#### Your instructions:
Once the images are set aside, write out the rest of the records exactly.
*** Opening Source information ***
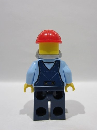 Male, Bright Light Blue Shirt, Dark Blue Overalls and Legs, Red Construction Helmet
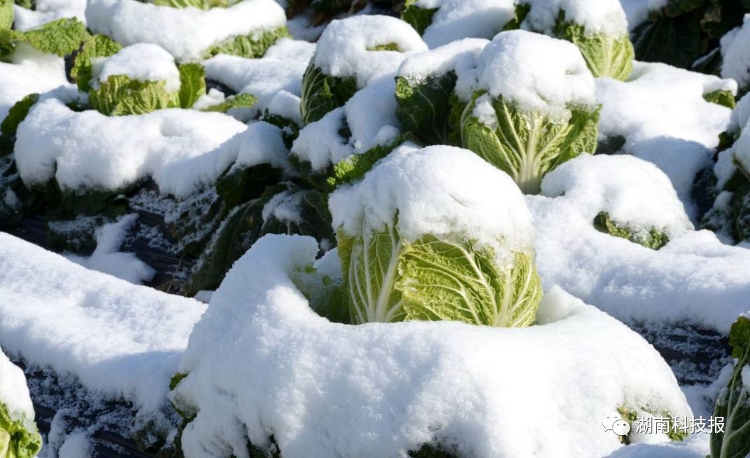 雪后立即清理沟渠,排除积水,提高根系活力,预防渍害发生。越冬期间蔬菜定植后适当增施磷肥和暖性有机肥,勤松土,提高地温。受寒害的蔬菜株势较弱,需要及时施肥补充营养,以腐熟的农家肥为宜,或添加稀薄的化肥,但要注意施化肥的浓度不要过高,应随蔬菜生长恢复情况,逐步加大浓度或施用量。连续阴天引起植株黄化时,还可喷施0.5%~1.0%蔗糖+0.1%~0.3%磷酸二氢钾混和液补充营养。
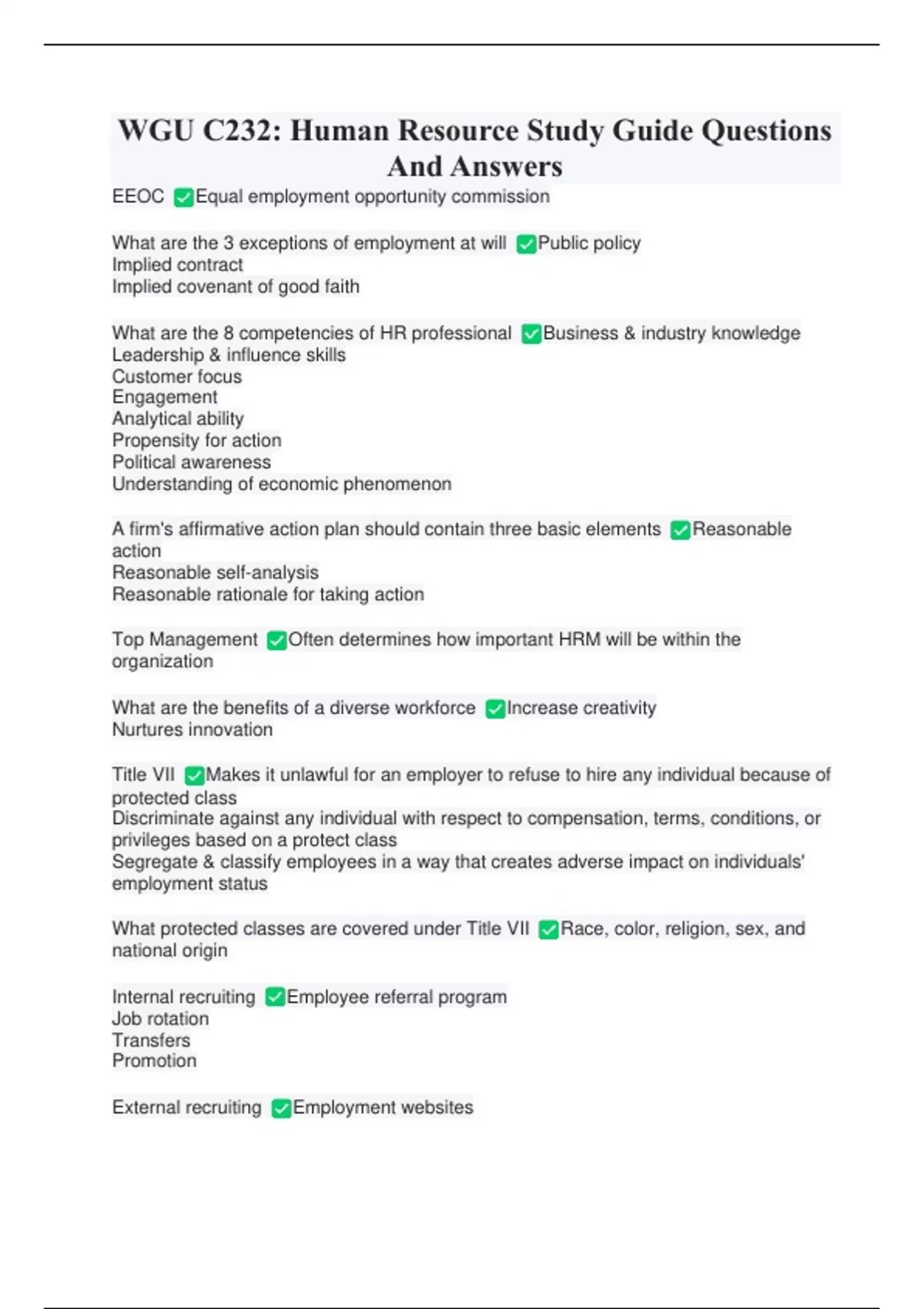 WGU C232: Human Resource Study Guide Questions And Answers WGU C232: Human Resource Study Guide Questions And Answers
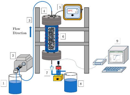 Illustration of the experimental set-up used to conduct tracer tests on the packing materials. It consisted of a (1) 20 L feed tank, (2) peristaltic pump, (3) tubing, (4) cylindrical test column, (5) temperature control unit, (6) heating coils, (7) conductivity measurement cell, (8) 20 L effluent tank, and (9) a desktop computer with data logging software (Graphical Analysis 4).
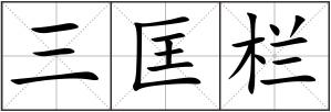 三匡栏 [sān kuāng lán]汉字偏旁名。形状为“匚”,如“匡”、“匠”、“匣”、“匪”等字的外围部分。
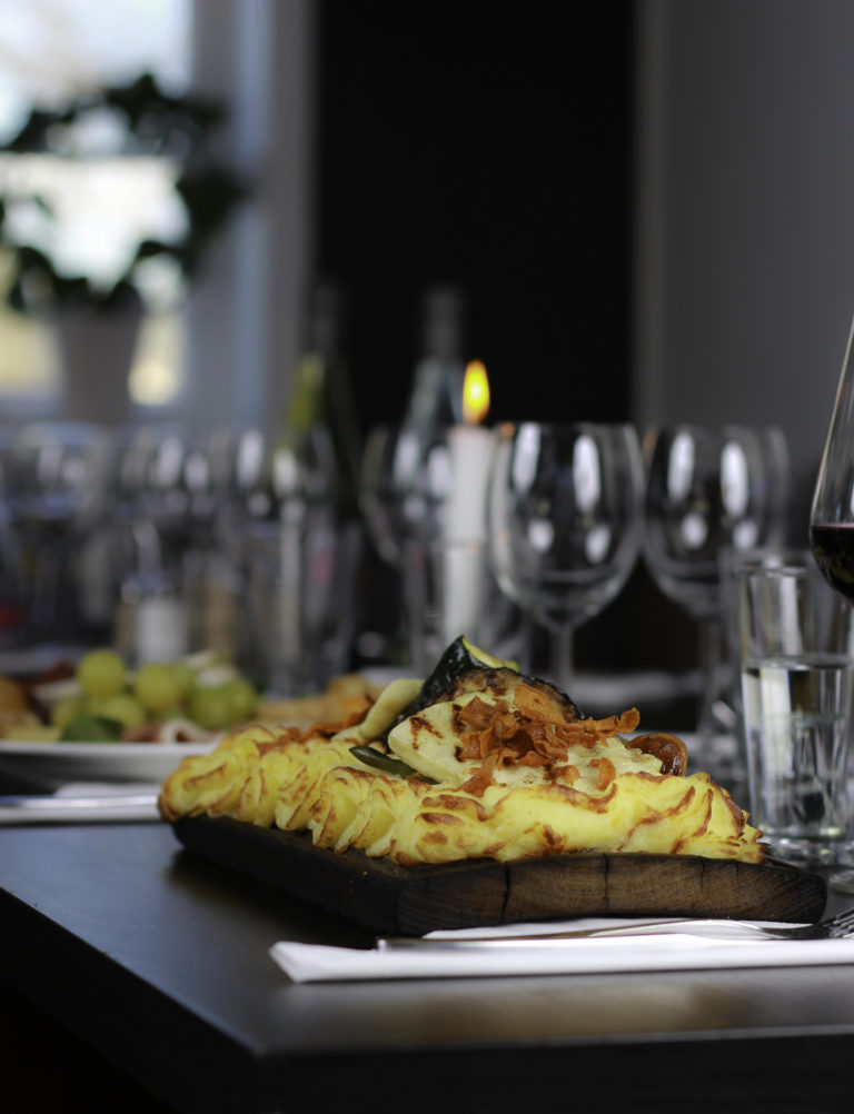 Med rödvinssås, bearnaisesås och pommes duchesse
*** Closing Source information ***
#### Answer to this exercise:
 Male, Bright Light Blue Shirt, Dark Blue Overalls and Legs, Red Construction Helmet
 雪后立即清理沟渠,排除积水,提高根系活力,预防渍害发生。越冬期间蔬菜定植后适当增施磷肥和暖性有机肥,勤松土,提高地温。受寒害的蔬菜株势较弱,需要及时施肥补充营养,以腐熟的农家肥为宜,或添加稀薄的化肥,但要注意施化肥的浓度不要过高,应随蔬菜生长恢复情况,逐步加大浓度或施用量。连续阴天引起植株黄化时,还可喷施0.5%~1.0%蔗糖+0.1%~0.3%磷酸二氢钾混和液补充营养。
 WGU C232: Human Resource Study Guide Questions And Answers WGU C232: Human Resource Study Guide Questions And Answers
 Illustration of the experimental set-up used to conduct tracer tests on the packing materials. It consisted of a (1) 20 L feed tank, (2) peristaltic pump, (3) tubing, (4) cylindrical test column, (5) temperature control unit, (6) heating coils, (7) conductivity measurement cell, (8) 20 L effluent tank, and (9) a desktop computer with data logging software (Graphical Analysis 4).
 三匡栏 [sān kuāng lán]汉字偏旁名。形状为“匚”,如“匡”、“匠”、“匣”、“匪”等字的外围部分。
 Med rödvinssås, bearnaisesås och pommes duchesse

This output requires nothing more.